When he reached the great banded rock chimney, something went through him with a signifying interior chime as powerful as looking at an empty bed where a parent once died. A cloud of birds set forth into the wind. Joe sat down and let himself go back.
Joe’s nearest neighbor of his own age had been Billy Kelton, already a great big strong boy who was, in those days long before the family moved to Minnesota, Joe’s best friend. Billy’s father owned the Hawkwood Store. The two boys both had part-time jobs during the school year and ranch jobs in the summer. One day, when they were both thirteen, Billy had come to visit Joe and they got into an argument pitching horseshoes.

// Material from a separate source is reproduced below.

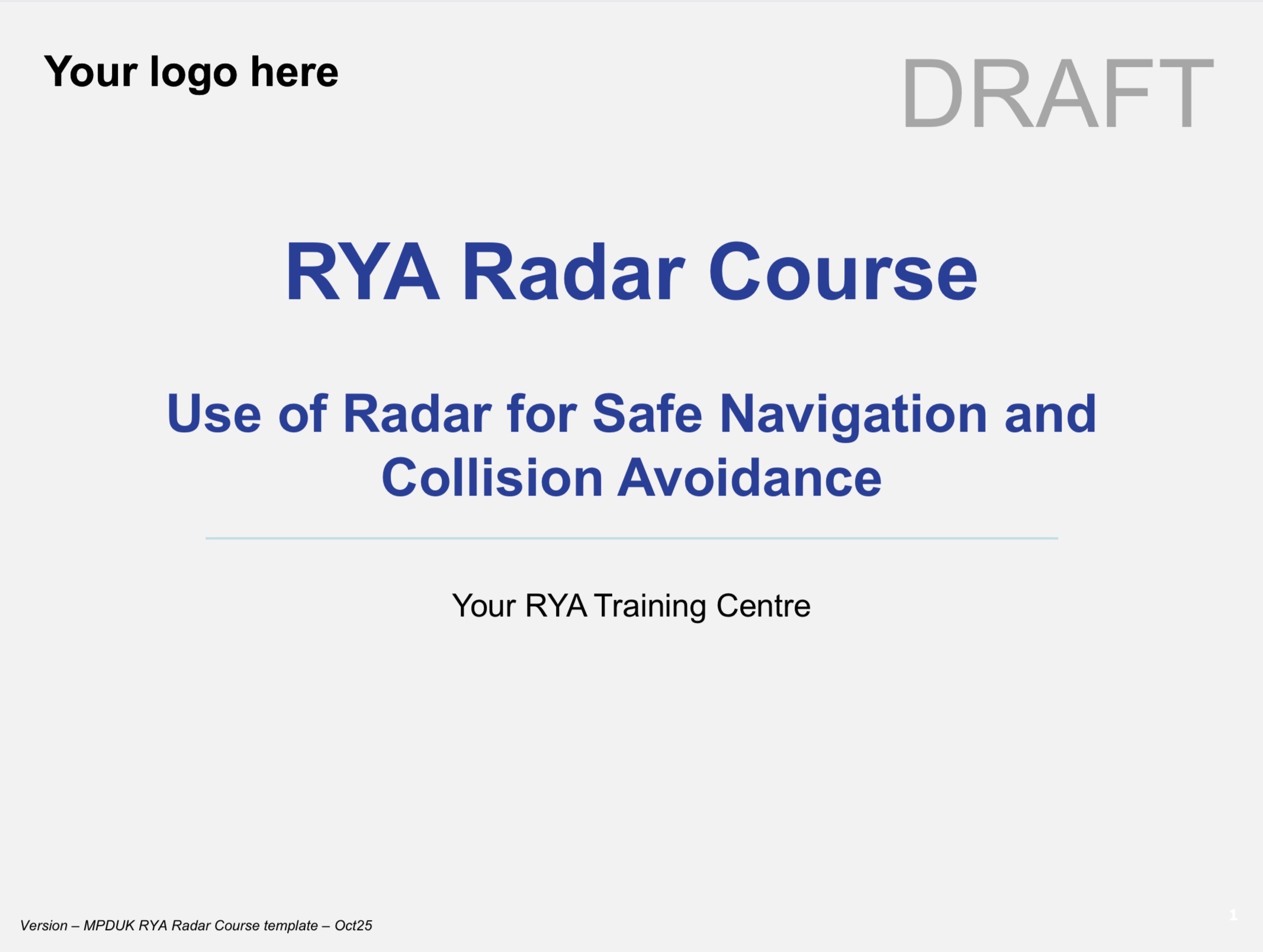 What this presentation template doesn’t include is imagery or the detail of what you need to teach as that’s for the school/their instructors to agree on and create. A really key point though is don’t overteach the theory. The course should be all about the skills and knowledge needed to actually use the radar for navigation and collision avoidance. A deep dive into theory serves students no benefit and dilutes their ability to learn the important stuff - often ‘less is more’!

Joe’s father came out and said, “You’d better settle this like men.” Joe didn’t think he had a chance, and while he stalled Billy sensed not only the opportunity but the peculiar energy coming to him from Joe’s father. He landed a roundhouse blow in Joe’s face that bloodied him and brought him to his knees. Joe’s father ordered Joe to his feet, but when he stood Billy flattened him with a blow to his right ear that sent pain and shame scalding across his vision. A roaring noise seemed to come up around him. Through it all, he could hear his father cheering Billy on. He looked up and saw his father’s incredible animation as he shoved the suddenly reluctant Billy toward his son’s collapsed form. Even now the memory was terrible.
Joe’s father had said, “You’ll think about this for a long time. You’ll think about what people are really like. That wasn’t your enemy that did that to you. That was supposed to be your friend. You think about that just as hard as you can.”
Joe ran away that day just long enough to climb to this pasture. He came straight to the banded rock chimney where he sat down and wept for his defeat, wept for his father’s collusion in his defeat, wept for the loss of a friend, and the feeling which he never quite ever again escaped that life had as one of its constant characteristics a strain of unbearable loneliness.
As far as he was from the house, he still felt too exposed to the world that day. He touched the altered shapes of his face with his fingertips. Beneath the striped rock was a deep fissure, like a small cave, and Joe crawled into it and lay down in the cool dark. Peace came over him and, as he began to sleep, he plummeted into a dreamy abyss.
Indians poured out of the base of the rock and Joe was one of them. They were anonymous in paint and dyed porcupine quills and trade bead chokers, behind shields illuminated with the shapes of eternity. They moved like a school of fish and swarmed up on their horses. Concentric red circles of ochre were painted around the eyes of Joe’s horse and its body was covered by the outlines of human hands. He rested his lance against the horse’s neck. The raven feather tied at the base of its point fluttered against the shaft as they galloped over the rims to the small valley below where the white people had built their cabins. Though it was his family’s home, Joe could not even remember it in the dream. A man and a woman ran out to meet them, to try to talk; they were blurred unrecognizably by the direct glare of the sun. It was too late for talk. The Indians rode right over the white people in a sudden tension of bows and sailing of arrows and lances. The dust from the horses settled slowly on their absence. The buildings burned as sudden as phosphorus, sparkled and were gone. Everything was gone. Even the stony white of foundations and bones was gone. The wild grass resumed its old cadence.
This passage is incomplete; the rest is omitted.